Grafik zum Image der EU
Grafik: ORF.at; Quelle: Eurobarometer

Image der EU in Österreich unter Schnitt

Österreich gehört weiterhin zu jenen Ländern, die der EU gegenüber besonders kritisch eingestellt sind. In der Umfrage hatten insgesamt 53 Prozent der Befragten ein positives Bild von der EU und 19 Prozent ein negatives.

Österreich belegte in der Reihenfolge den drittletzten Platz. 39 Prozent der Österreicherinnen und Österreicher gaben an, sie hätten ein „eher negatives“ oder „sehr negatives“ Bild von der Union – noch negativer wurde sie nur in Tschechien und ausgerechnet Belgien, Sitz der EU-Institutionen, gesehen. 41 Prozent der Österreicher hatten ein „sehr“ oder „ziemlich positives“ Bild.

Österreich gehörte auch zu jenen Ländern, in denen sich das Image der EU verschlechtert hat. Portugal und Irland standen am anderen Ende der Skala: Hier war das Bild der EU am besten.

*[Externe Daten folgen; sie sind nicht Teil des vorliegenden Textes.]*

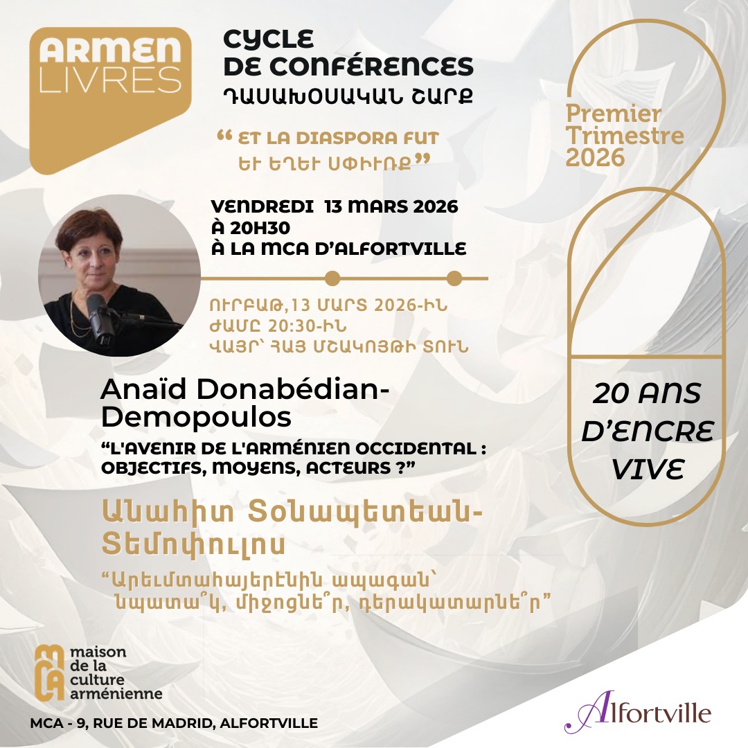Pour la troisième conférence à l’occasion des 20 ans d’Armen’Livres, la MCA a l’immense honneur de recevoir comme intervenante : Anahid Donabédian- Demopoulos.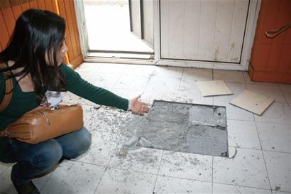 ????昨天下午,記者來到龍華路3號,楊女士的這套房子屬于沿街老房,只有30多平方米?!胺孔幼铋_始可能是個車庫,后來變成了私人房產,我從前房主手中購買時,手續(xù)、證件很齊全?!睏钆空f。記者看到,客廳中間有4塊地板磚被挪開,楊女士說地板磚被挪開的地方下面就是古力井,上次管道疏通工人來疏通古力井后,又用水泥將蓋封上了。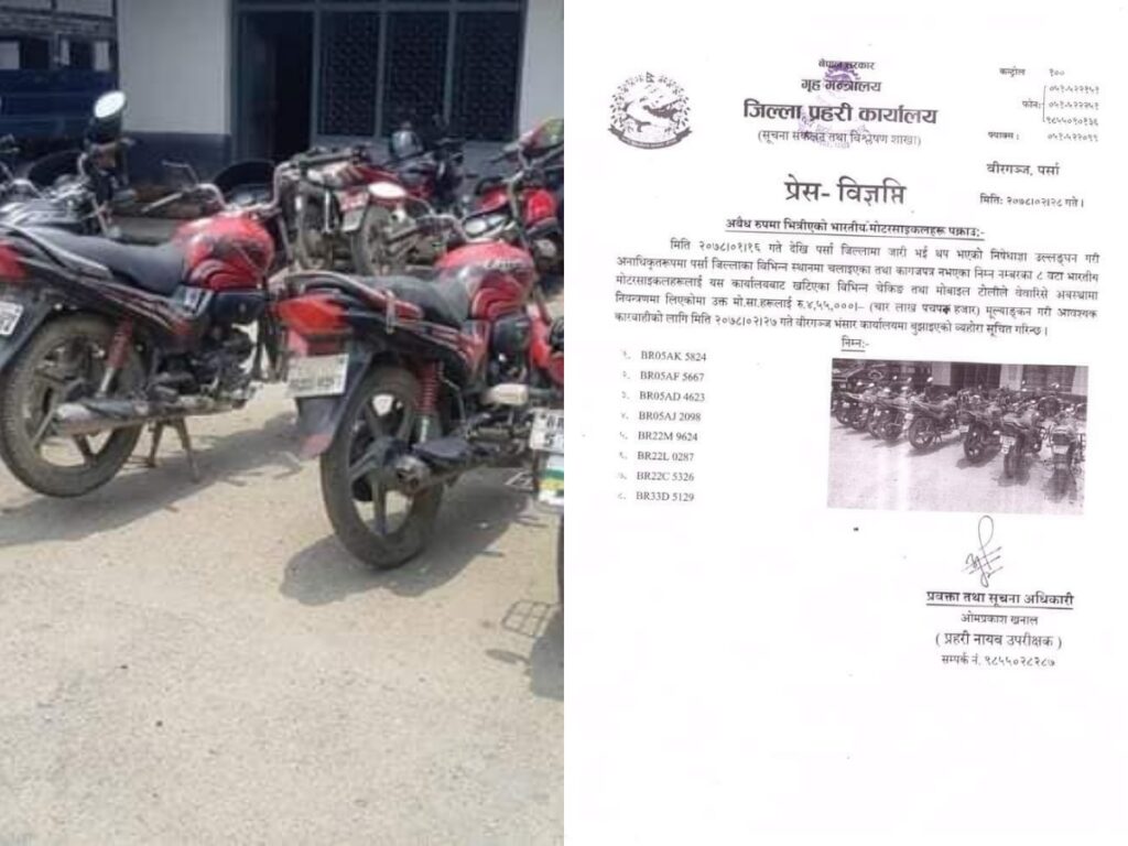 पवन प्रसाद साह/बिरगंज :  मिति २०७८।०१।१६ गते देखि पर्सा जिल्लामा जारी भई थप भएको निषेधाज्ञा उल्लङ्घन गरी अनाधिकृतरूपमा पर्सा जिल्लाका विभिन्न स्थानमा चलाइएका तथा कागजपत्र नभएका निम्न नम्बरका ८ वटा भारतीय मोटरसाइकलहरूलाई यस कार्यालयबाट खटिएका विभिन्न चेकिङ तथा मोबाइल टोलीले वेवारिसे अवस्थामा नियन्त्रणमा लिएकोमा उक्त मो.सा.हरूलाई रु.४,५५,०००।– (चार लाख पचपन हजार) मूल्याङ्कन गरी आवश्यक कारवाहीको लागि मिति २०७८।०२।२७ गते वीरगञ्ज भंसार कार्यालयमा बुझाइएको जिल्ला प्रहरी कार्यालय पर्सा का प्रवक्ता तथा सूचना अधिकारी एंव प्रहरी नायब उपरीक्षक ओमप्रकाश खनाल ले जानकारी दिनुभयो।

Impfen als „Bürgerpflicht“

Auch die grundsätzlichen Einschätzungen zur Pandemiepolitik wurden abgefragt. Über die Hälfte (55 Prozent) der österreichischen Befragten gaben an, sie seien mit der Handhabung der Impfstrategie der heimischen Bundesregierung „sehr“ oder „eher zufrieden“. 44 Prozent sahen das nicht so.

Gegenüber der EU waren die Österreicher abermals kritischer: Mit der europäischen Impfstrategie waren sie noch unzufriedener. Insgesamt waren EU-weit aber mehr als die Hälfte (53 Prozent) mit der Solidarität zwischen den EU-Mitgliedsstaaten in der Pandemie zufrieden, und 65 Prozent gaben an, dass die EU ihrer Meinung nach eine Schlüsselrolle bei der Gewährleistung des Zugangs zu Impfstoffen spielte.

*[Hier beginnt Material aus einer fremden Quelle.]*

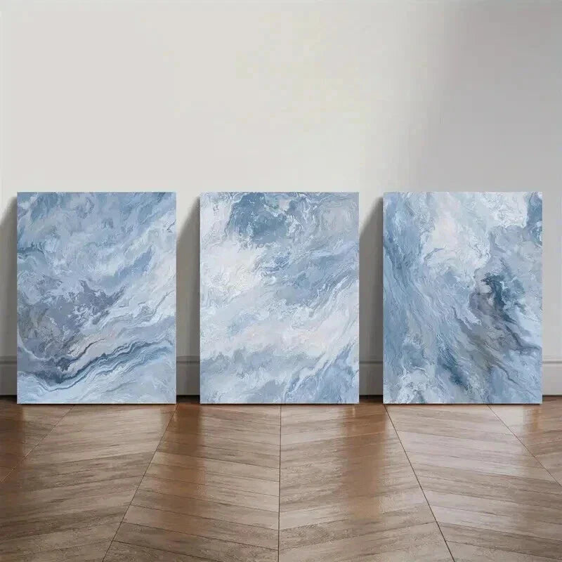 3pcs Elegant And Luxurious Blue Flowing Water Wall Art Set Canvas Framed 40x60cm - High Quality Print 100% Australian Made Wall Canvas Ready to Hang

Eine überwiegende Mehrheit von 71 Prozent war zudem der Meinung, dass die Vorzüge einer CoV-Impfung die möglichen Risiken überwiegen. Zwei Drittel der EU-Bürgerinnen und Bürger waren gar der Ansicht, dass die Impfung eine „Bürgerpflicht“ sei (in Österreich waren es 57 Prozent).

Geld nur bei Einhaltung von Grundwerten

Rückendeckung dürfte die Umfrage der Kommissionspräsidentin bei ihrer Rede auch im Hinblick auf den Streit mit Polen und Ungarn geben. Mit 81 Prozent stimmte eine überwiegende Mehrheit zu, dass die EU den Mitgliedsstaaten nur Geldmittel zur Verfügung stellen sollte, wenn Rechtsstaatlichkeit und demokratische Grundsätze umgesetzt würden.

Polen und Ungarn stehen seit Jahren wegen Verstößen gegen die Rechtsstaatlichkeit in der Kritik. Brüssel hat ein Instrument zur Ahndung von rechtsstaatlichen Defiziten, ein entsprechendes Verfahren wurde aber bisher noch nicht eingeleitet.